“It is something to consider,” she said. “I have to say with all honesty, that I have never been made an offer quite like this one.”
Cundy screwed up his mouth. “If we were real wreckers, miss, ye would ‘ave two choices. Join us or die.”
“Die?” Wraith laughed. “How do ye plan to slay her? Taking off yer masks and letting her see yer ugly faces? That would be shock enough to stop the strongest heart. Be off with ye, and we will meet here again at the low tide after dawn.” As the men nodded and walked away, still laughing and joking, he called after them, “Take care. I do not think the wreckers will be back tonight, but they may be stupid enough to try again.”
He stood and went to the crate. Pulling out another bottle of wine, he opened it. He brought it to where she sat. “No fine goblets, but do ye want to enjoy it before I take ye back to Bannatyne Hall?”
She took a deep drink from the bottle and savored the warmth slipping down through her. “You have interesting friends. Do they know who you really are?”
“No.” He smiled as he tilted back the bottle, then wiped his mouth with the back of his hand. “To own the truth, until tonight quite a few of them believed that Wraith was yer brother-in-law, Bannatyne.”
“But Gideon has been gone from here for more than a year.”
“Which they think is the perfect disguise. Imagine their shock to see the two of us on the cliffs at the same time.” He handed her the bottle.

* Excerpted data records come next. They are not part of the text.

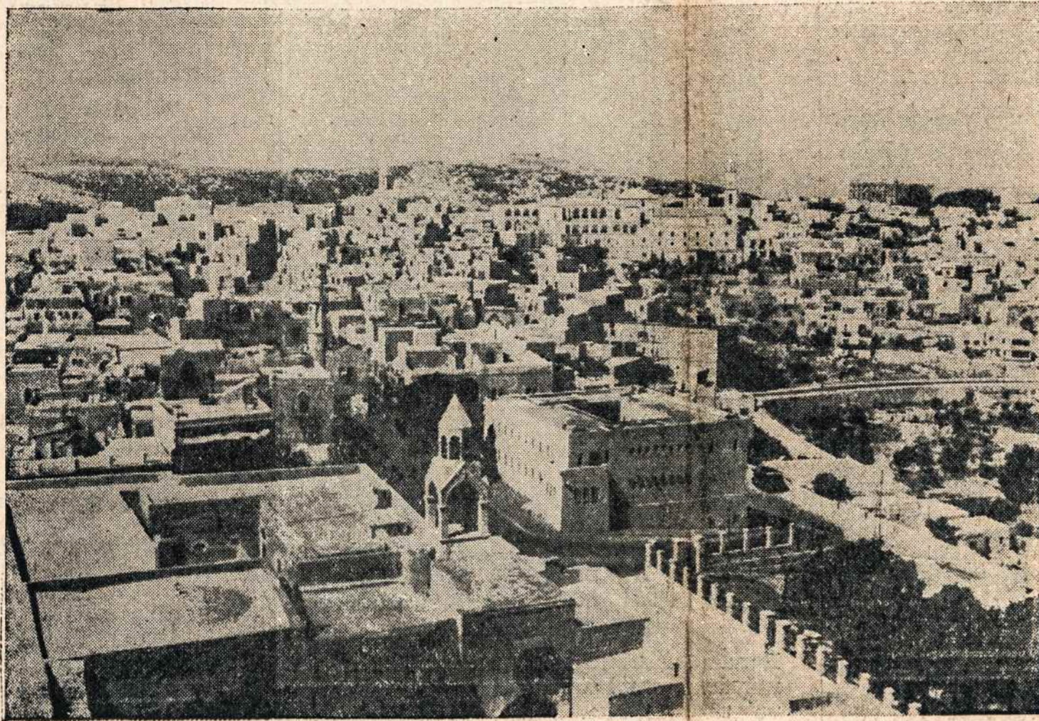
BETLIEJUS, kur prieš devyniolika šimtų metų gimė Jėzus Kristus. Šiandieninis miestas dar turi daug senovės palaikų. Jis atrodo turis mišinį senovės ir moderniškojo amžiaus. Laike Šv. Kalėdų visas krikščioniškas pasaulis kreipia savo akis į tą miestą, kur gimė Jėzus Kristus, atnešęs geros valios žmonijai ramybę.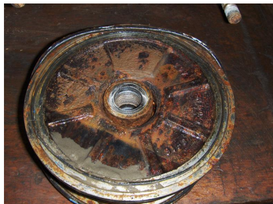
Pompdelen: vervuild en aangetast door oxidatie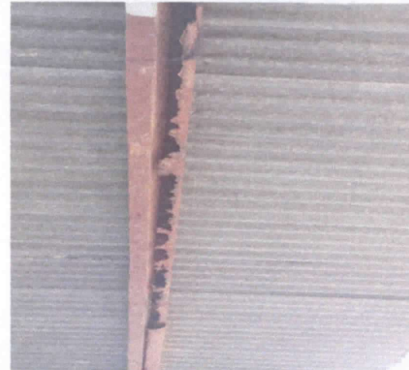
REPARACIÓN DE VIGA DE METAL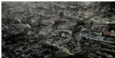
Gerardo Suter Pénultième région Jet d'encre sur papier coton 50 x 100 cm hors tout 2009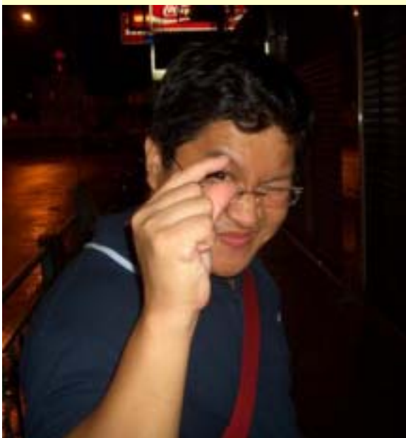
「我是一個充滿喜樂的人，希望能夠和大家分享這份源自信仰的喜樂！」

方神父最後補充：「我是一個充滿喜樂的人，希望能夠和大家分享這份源自信仰的喜樂！」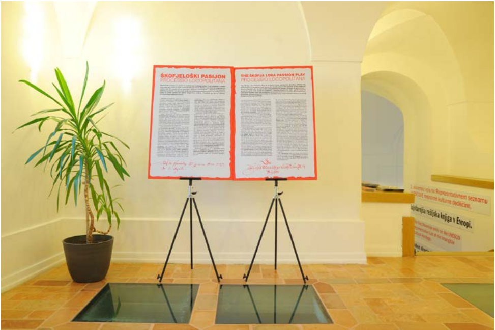
Uvodni tekst k razstavi o Škofješkem pasijonu v slovenskem in angleškem jeziku.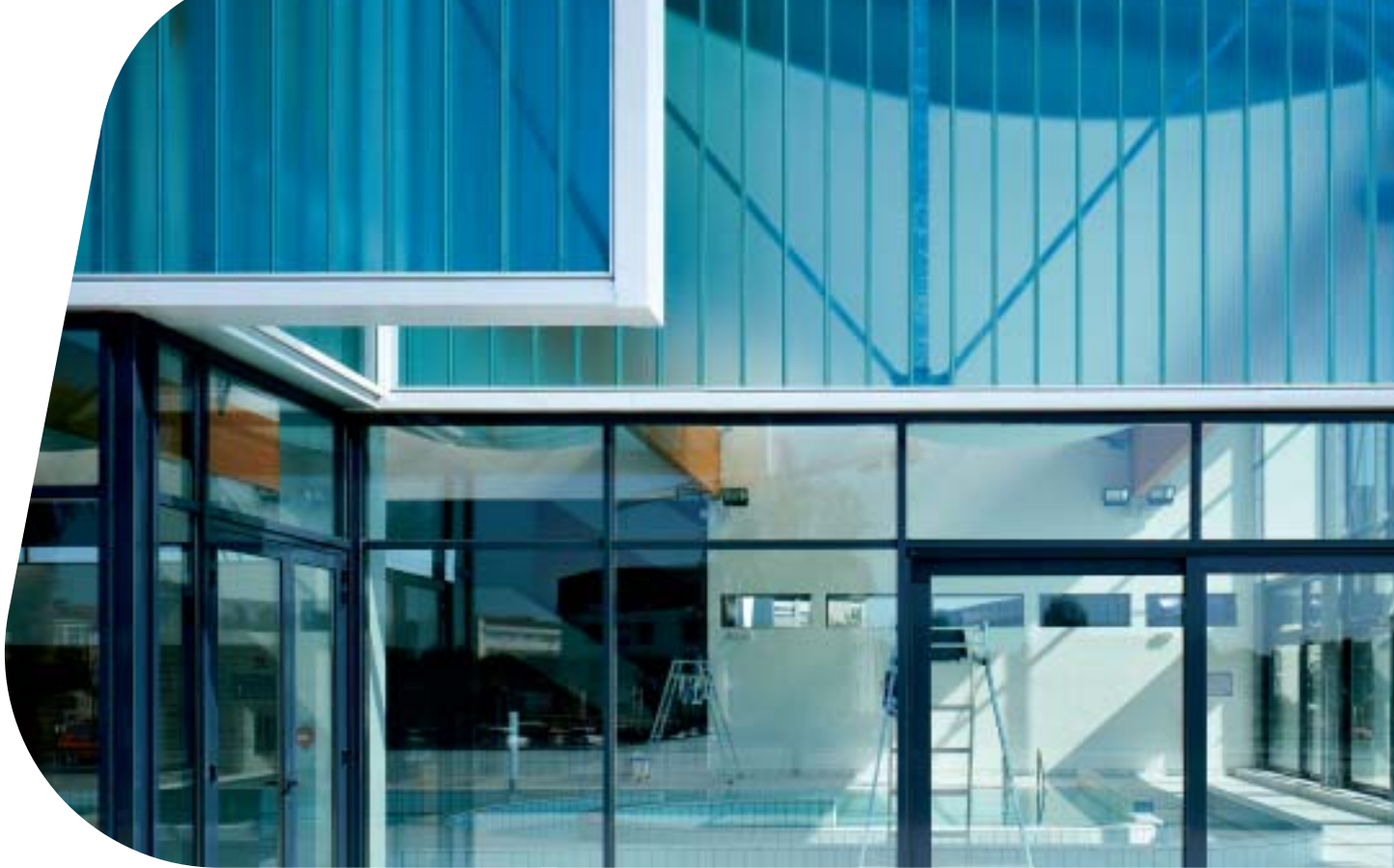
Бассейн, г. Сен-Дизье, Франция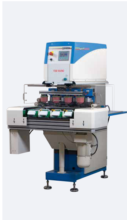
TSM 60/90 universal Mehrfarbenkit Solo

Again she drank, savoring the warmth from his lips and hands that remained on the bottle. “I do not need to imagine their shock. I felt the same when I saw you and Arthyn side-by-side.” Lowering the bottle to the cave floor, she whispered, “Tell me the truth. Who are you? I love you, but I do not know who you are.”
“Whom would you wish me to be?”
She gasped as he spoke without the Cornish accent that had disguised so well his educated voice. “Constantine!”
“Is that an answer or simply a guess?” He began to loosen the domino.
“It is an answer, the answer to my dreams.” Pushing aside his hands, she reached behind his head to pull away the black fabric. She lifted it off and gazed into Constantine’s sparkling green eyes. As she lowered her hands, he did not move. Not toward her or away. The decision was wholly hers. She let the material fall from her fingers, then curved her hands on either side of his head. Searching his face, she tried to sear every aspect of it into her mind as she combined the dedicated Lord Lastingham with the devilish Wraith. It was much easier than she had expected, because she had fallen in love with each of them.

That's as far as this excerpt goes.